MADAM-6

Clinical data
- Other names: 6-Methyl-MDMA; 2,N-Dimethyl-4,5-methylenedioxyamphetamine
- Routes of administration: Oral
- ATC code: None;

Pharmacokinetic data
- Duration of action: Unknown

Identifiers
- IUPAC name N-methyl-1-(6-methyl-2H-1,3-benzodioxol-5-yl)propan-2-amine;
- CAS Number: 207740-46-3;
- PubChem CID: 44719578;
- ChemSpider: 21106340;
- UNII: W3H6GHJ73C;
- CompTox Dashboard (EPA): DTXSID80660368 ;

Chemical and physical data
- Formula: C_{12}H_{17}NO_{2}
- Molar mass: 207.273 g·mol^{−1}
- 3D model (JSmol): Interactive image;
- SMILES C1(=CC2=C(C=C1CC(C)NC)OCO2)C;
- InChI InChI=1S/C12H17NO2/c1-8-4-11-12(15-7-14-11)6-10(8)5-9(2)13-3/h4,6,9,13H,5,7H2,1-3H3; Key:CRQPDNIUPWXPNK-UHFFFAOYSA-N;

= MADAM-6 =

MADAM-6, also known as 2,N-dimethyl-4,5-methylenedioxyamphetamine or as 6-methyl-MDMA, is a drug of the phenethylamine, amphetamine, and MDxx families related to MDMA.

==Use and effects==
In his book PiHKAL (Phenethylamines I Have Known and Loved), Alexander Shulgin lists MADAM-6's dose as greater than 280 mg orally and its duration as unknown.
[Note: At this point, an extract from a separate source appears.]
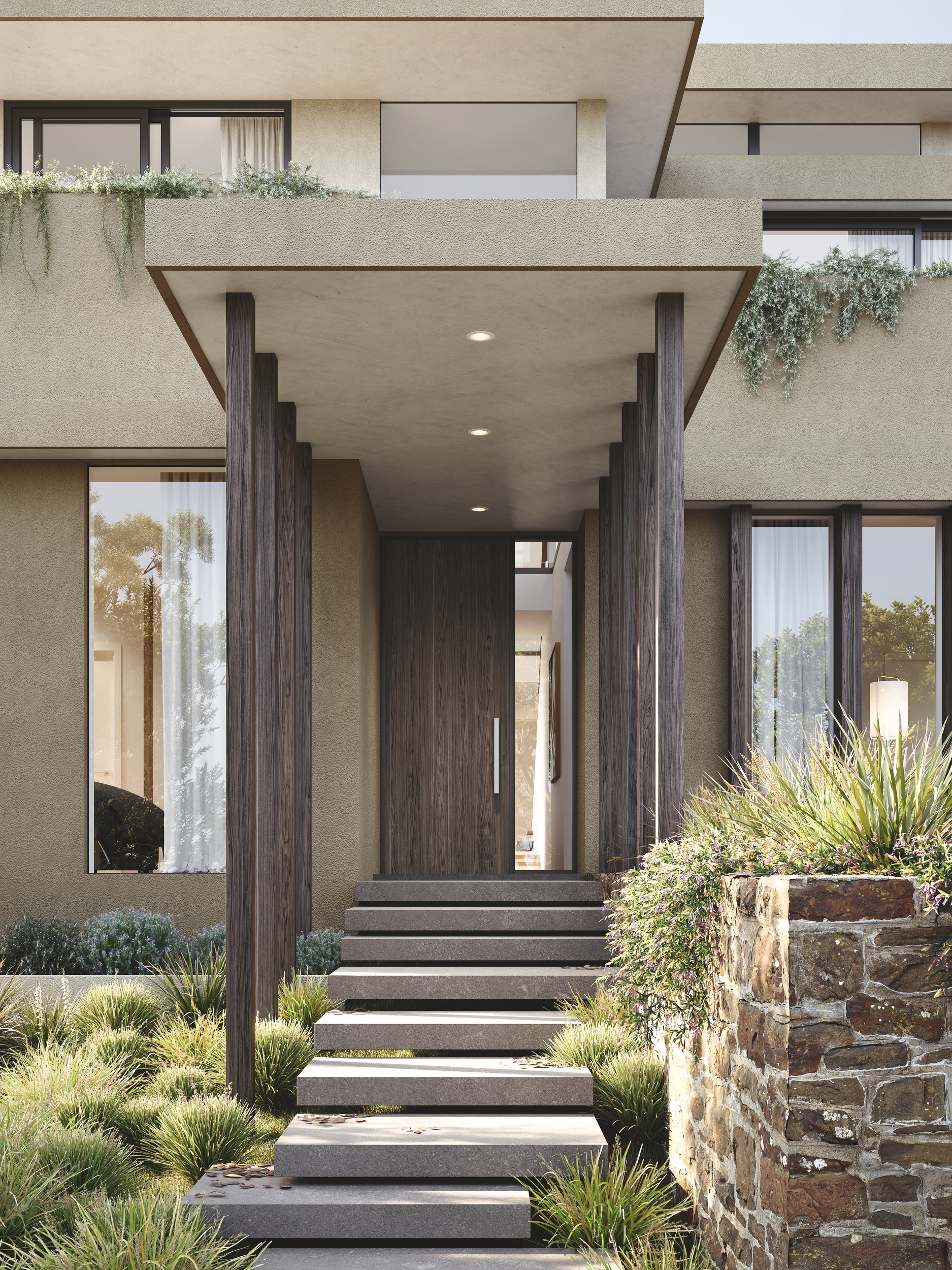 A stone-clad planter to the side enhances the tactile quality of the design, with cascading greenery that softens the geometric lines of the structure. The entrance door, crafted from rich timber with sleek modern detailing, invites guests into the home while reflecting the understated luxury found throughout the property.

MADAM-6 produced few to no effects at tested doses and Shulgin described it as "not active".

==History==
MADAM-6 was first described in the literature by Alexander Shulgin in his book PiHKAL (Phenethylamines I Have Known and Loved) in 1991.

==Research==
MADAM-6 has been studied for its potential antiparkinsonian effects. However, no clinical trials suggest the drug is effective against Parkinson's disease.